What to do
Please write out exactly the line containing "At the other" below and every line after it, through the last one, but leave out any pictures.

Source material
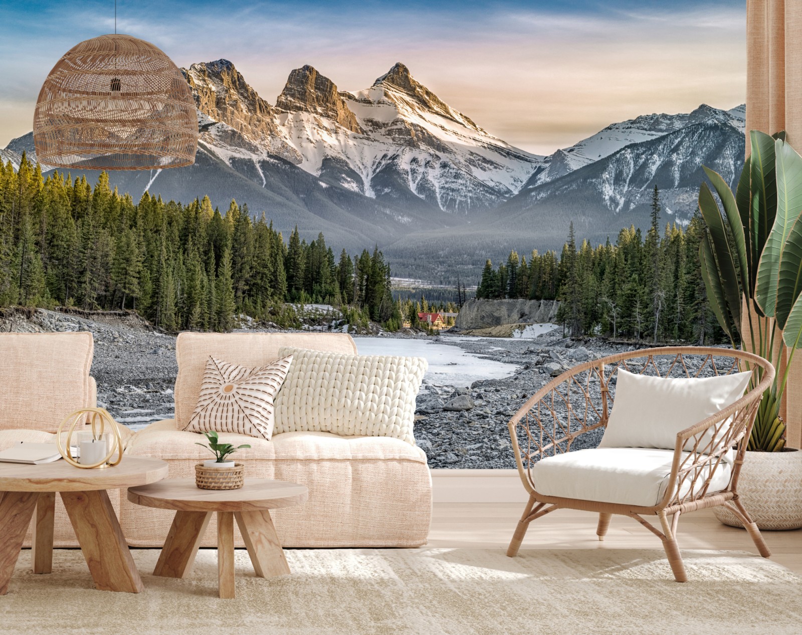 Erleben Sie Ruhe und Größe mit diesem hochauflösenden Berglandschaftsbild mit schneebedeckten Gipfeln, einem ruhigen Flussbett und dichtem Kiefernwald im sanften Morgenlicht.
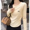 Женский топ с круглым вырезом, вышивкой бантом, длинными рукавами и плиссировкой, ранняя осень — купить товар онлайн с бесплатной доставкой по всему миру!
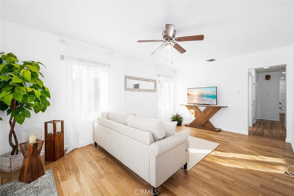 JUST REDUCED! BEST VALUE ON THE MARKET! This upgraded 5 Bedroom 2 Bath home located in the highly desirable South of Conant neighborhood was upgraded within the last 4 years. This spacious home features Quartz Counters, Newer A/C, Newer Roof, Paid Off Solar, beautifully Upgraded Main Floor Full Bath with Marble topped vanity, Newer Carpeting, just refinished Natural Hard Wood Floors, 3 Enormous Bedrooms Upstairs with 2 Bedrooms Down, New Stainless Steel Gas Range and Microwave. This is the perfect floor plan for multi-generation family living or live-in help with ample space for everyone. Beautiful Custom Wood Mantle surrounds the Natural Wood Burning/Gas Fireplace in the generously sized living room which you could also use as a formal dining room. Recently installed large format Porcelain Tile throughout Kitchen which also features a full size dining area and island. The Full Size Laundry Room downstairs has ample area for ironing and storage. The additional enormous storage space under stairs to 2nd floor could easily be a walk-in pantry. The private gated back yard with fountain has been professionally landscaped and is secured with large wrought iron gates. Newer concrete driveway with RV Parking and Hook Ups lead to the 2-car detached garage. This beautiful home is Centrally located near top schools, great shopping and easy 405 and 605 freeway access.
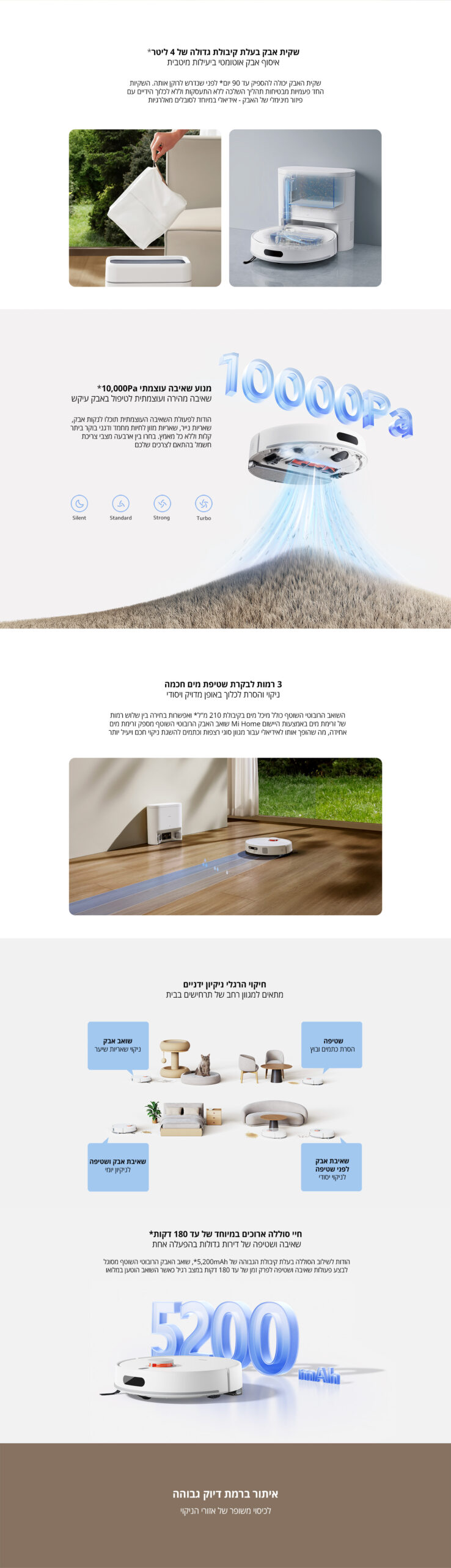 סוללה בקיבולת 5200mAh לשימוש ממושך גם בסביבות מורכבות – סוללת 5200mAh מספקת עוצמה לשואב הרובוטי המספיקה לניקיון דירת 5 חדרים ממוצעת במצב שאיבה סטנדרטי* ועד 180 דקות של זמן עבודה.
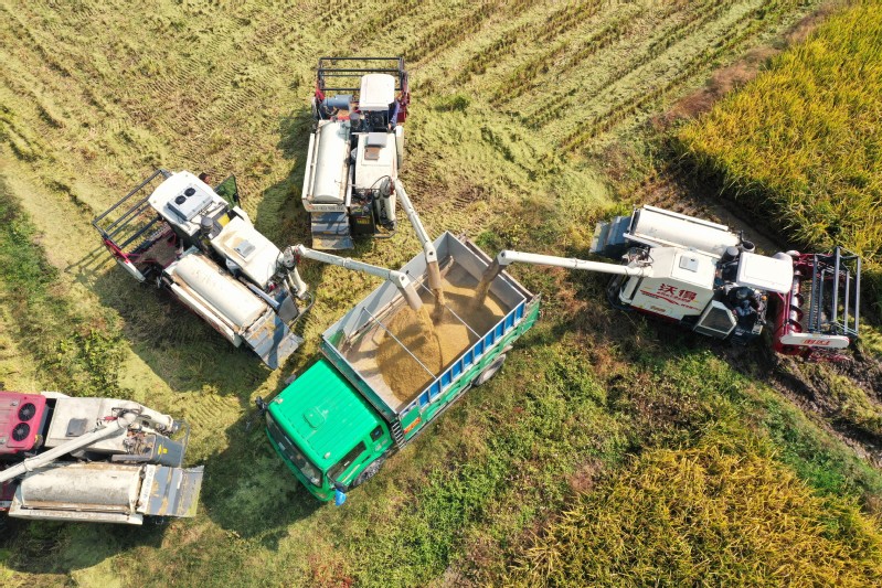 10月17日,寶應湖農(nóng)場5萬畝稻田開鐮試割。三四臺收割機來回穿梭、相互協(xié)作,粒粒飽滿的水稻收割脫粒,很快就被裝進運輸車里,隨后運送至場頭過磅晾曬。農(nóng)技人員穿梭在剛收割完畢的田塊里,根據(jù)收割機的實際收割質(zhì)量,進行指揮調(diào)整,把“豐收在望”變成“豐收在手”。
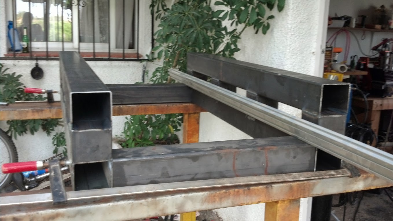 At the other place where i would buy the rest of the steel, i found some pieces of 100x100x4 box profile. And generally they will sell me everything cheaper and help me in their machine shop. So now i am contemplating soldering 2 pieces of 100x100 and making the gantry 100x200mm. That would change the design of the gantry widening 2cm, one at each side and making it higher by 6 cm.
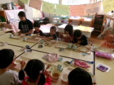 今日はお天気にも恵まれ、全学年でサツマイモ掘りを行いました。尻もちをつきながらも、お友だちとも力を合わせながら「うんとこしょ!どっこいしょ!」と元気なかけ声で、サツマイモを抜いていました。給食の時間に芋ほりについて聞いてみると、口々に「楽しかった~!!」と言って、手を広げながら「こんなに大きいのもあったよ~」と嬉しそうに教えてくれました。大きいものや長いもの、様々な形・大きさのサツマイモが収穫できたようです。お家でも、ぜひお子さんに聞いてみてくださいね。

Response area
 At the other place where i would buy the rest of the steel, i found some pieces of 100x100x4 box profile. And generally they will sell me everything cheaper and help me in their machine shop. So now i am contemplating soldering 2 pieces of 100x100 and making the gantry 100x200mm. That would change the design of the gantry widening 2cm, one at each side and making it higher by 6 cm.
 今日はお天気にも恵まれ、全学年でサツマイモ掘りを行いました。尻もちをつきながらも、お友だちとも力を合わせながら「うんとこしょ!どっこいしょ!」と元気なかけ声で、サツマイモを抜いていました。給食の時間に芋ほりについて聞いてみると、口々に「楽しかった~!!」と言って、手を広げながら「こんなに大きいのもあったよ~」と嬉しそうに教えてくれました。大きいものや長いもの、様々な形・大きさのサツマイモが収穫できたようです。お家でも、ぜひお子さんに聞いてみてくださいね。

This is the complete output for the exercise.